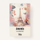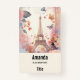 Name tag with a stylized Eiffel tower image surrounded by pretty butterflies and delicate garden flowers.
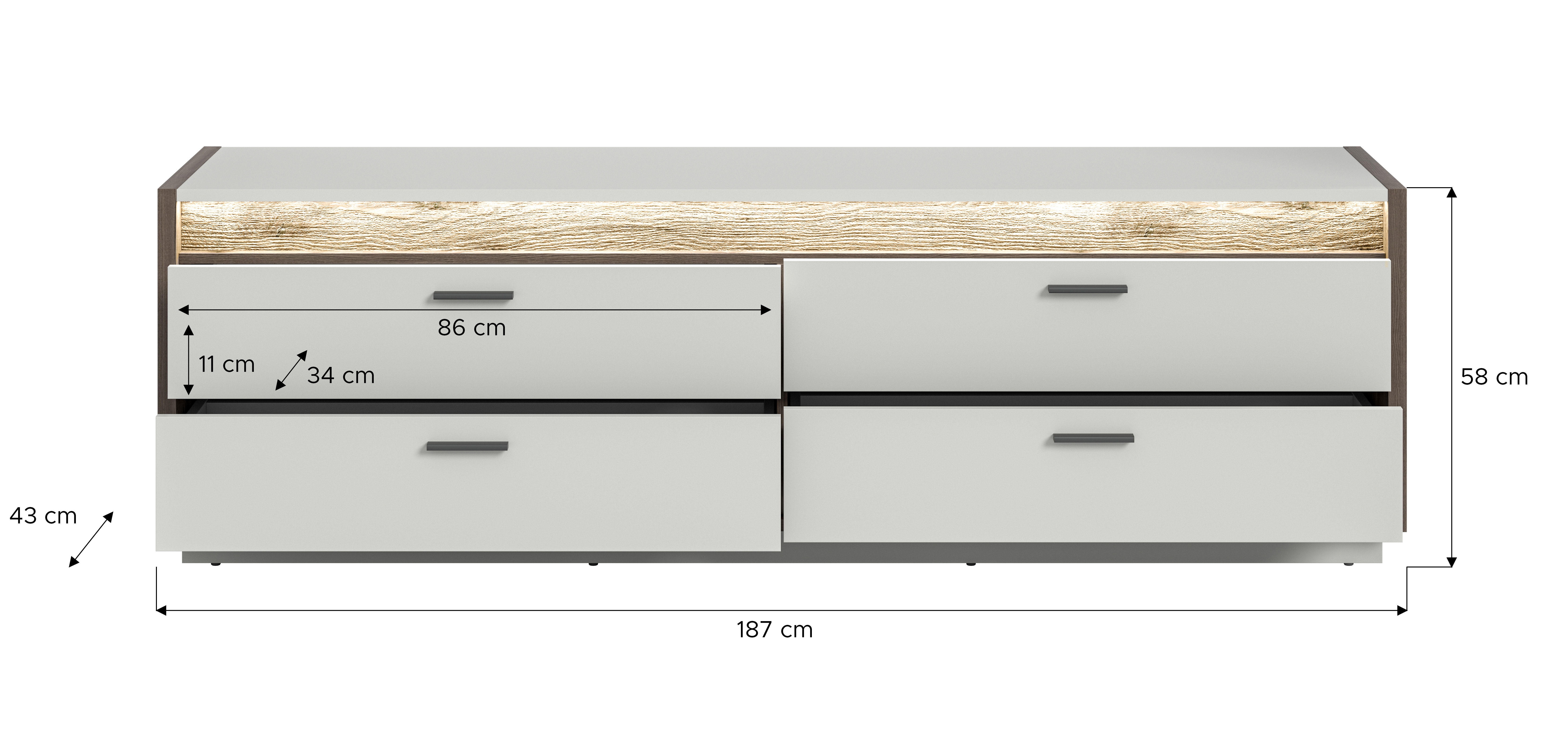 | Dimensions : | L/H/P env. 187/58/43 cm | ||
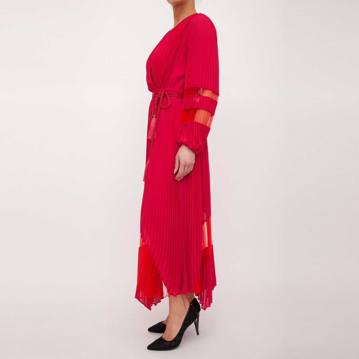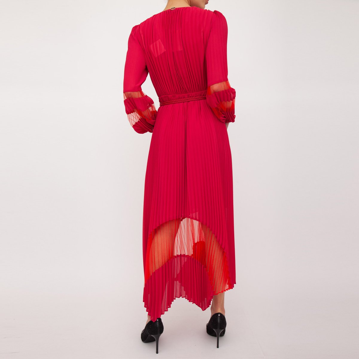 Abito lungo in georgette crêpe plissé con intarsi in tulle a contrasto, maniche con elastico al polso, foderato, cintura abbinata.
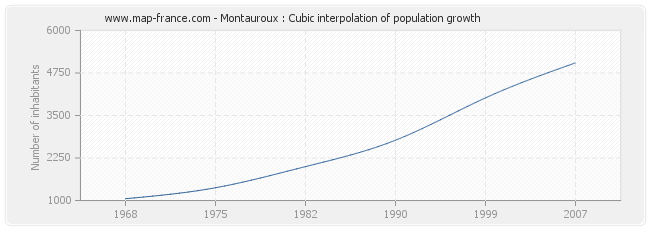 This curve shows the history of the population of Montauroux from 1968 to 2007 in cubic interpolation. This provides more precisely the population of the municipality of Montauroux the years where no census has been taken.
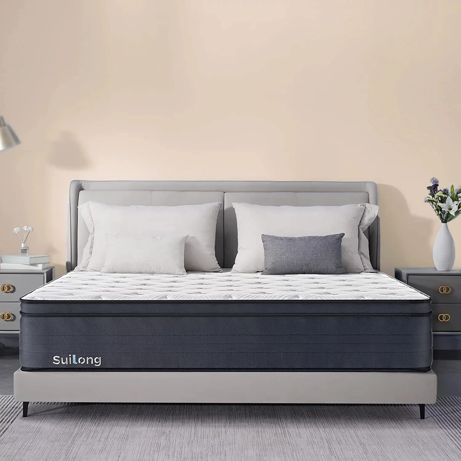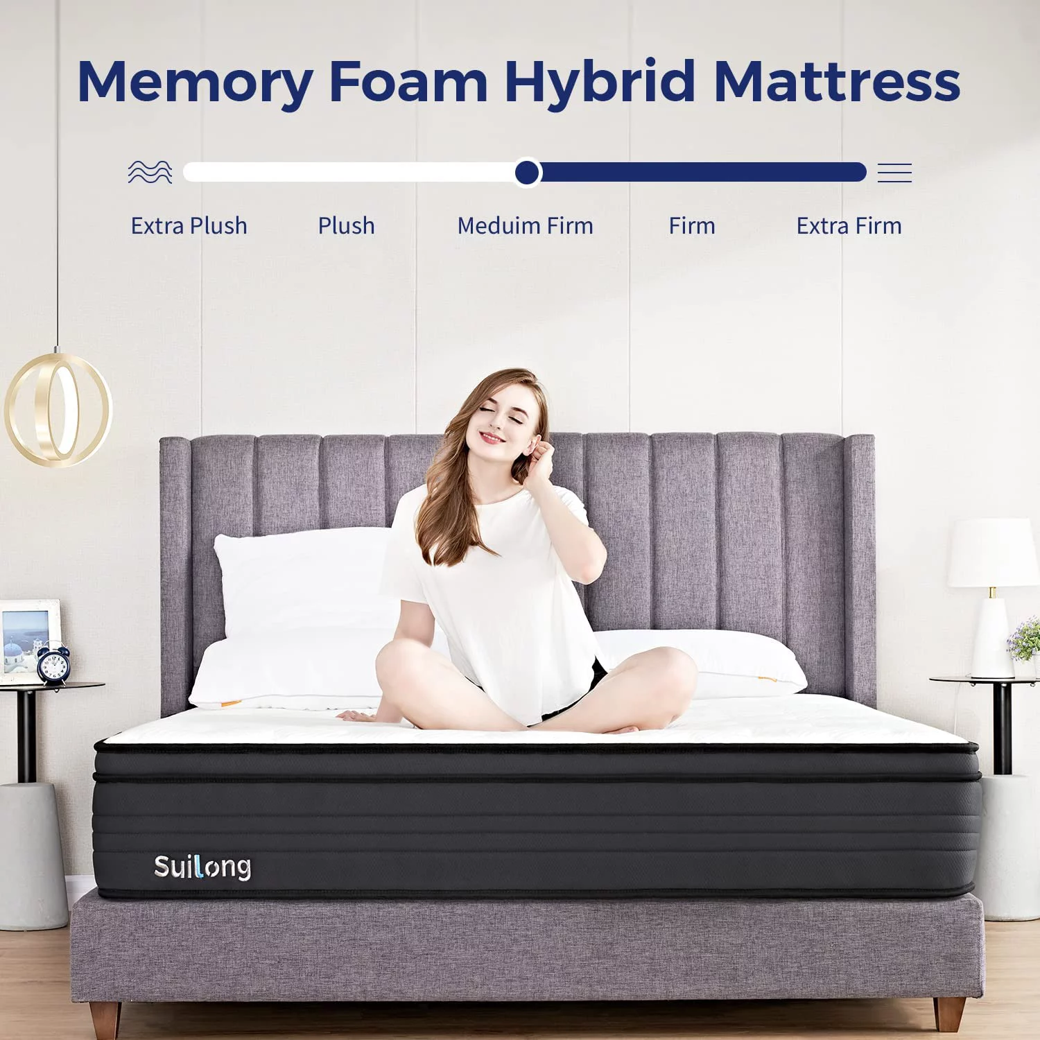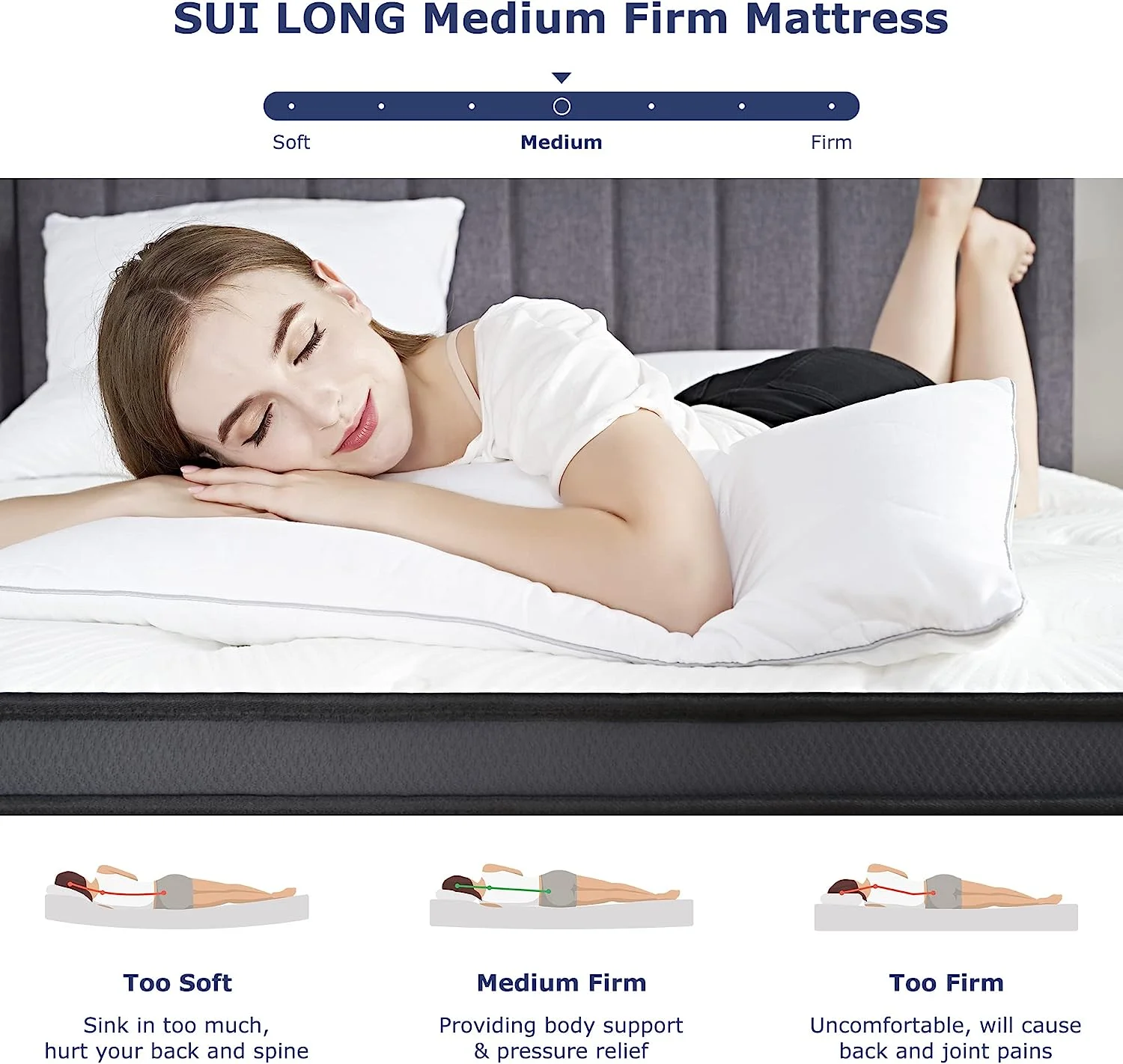 SUI LONG 12" Full Size Mattress, Hybrid Mattress in a Box, Cooling-Gel Memory Foam and Innerspring, Medium Firm
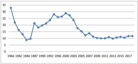 Graphe N°1, évolution du taux de chômage entre 1966 au 2017
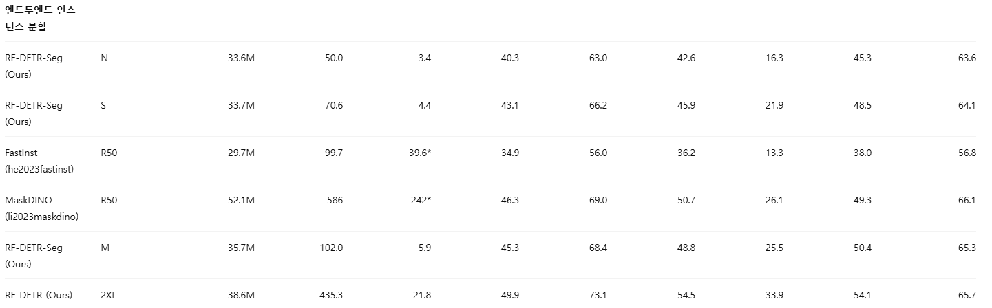 흥미롭게도, 학습 과정에서 명시적으로 등장하지 않았던 서브넷들 역시 높은 성능을 보이는 것을 확인하였으며, 이는 RF-DETR이 학습 시 보지 못한 아키텍처로도 일반화할 수 있음을 시사한다(cf. H). RF-DETR을 분할(segmentation) 문제로 확장하는 것 또한 비교적 간단하며, 경량의 인스턴스 분할 헤드(instance segmentation head)를 추가하는 것만으로 충분하다. 우리는 이 모델을 RF-DETR-Seg이라 부른다. 특히 이러한 확장은 실시간 인스턴스 분할(real-time instance segmentation)을 위한 파레토 최적 아키텍처를 발견하는 데에도 엔드투엔드 가중치 공유 NAS를 그대로 활용할 수 있게 해준다.

◇ ◇ ◇

Exercise instructions. Set down all of the data word for word; no pictures belong in it.

Written solution.
 Name tag with a stylized Eiffel tower image surrounded by pretty butterflies and delicate garden flowers.
 | Dimensions : | L/H/P env. 187/58/43 cm | ||
 Abito lungo in georgette crêpe plissé con intarsi in tulle a contrasto, maniche con elastico al polso, foderato, cintura abbinata.
 This curve shows the history of the population of Montauroux from 1968 to 2007 in cubic interpolation. This provides more precisely the population of the municipality of Montauroux the years where no census has been taken.
 SUI LONG 12" Full Size Mattress, Hybrid Mattress in a Box, Cooling-Gel Memory Foam and Innerspring, Medium Firm
 Graphe N°1, évolution du taux de chômage entre 1966 au 2017
 흥미롭게도, 학습 과정에서 명시적으로 등장하지 않았던 서브넷들 역시 높은 성능을 보이는 것을 확인하였으며, 이는 RF-DETR이 학습 시 보지 못한 아키텍처로도 일반화할 수 있음을 시사한다(cf. H). RF-DETR을 분할(segmentation) 문제로 확장하는 것 또한 비교적 간단하며, 경량의 인스턴스 분할 헤드(instance segmentation head)를 추가하는 것만으로 충분하다. 우리는 이 모델을 RF-DETR-Seg이라 부른다. 특히 이러한 확장은 실시간 인스턴스 분할(real-time instance segmentation)을 위한 파레토 최적 아키텍처를 발견하는 데에도 엔드투엔드 가중치 공유 NAS를 그대로 활용할 수 있게 해준다.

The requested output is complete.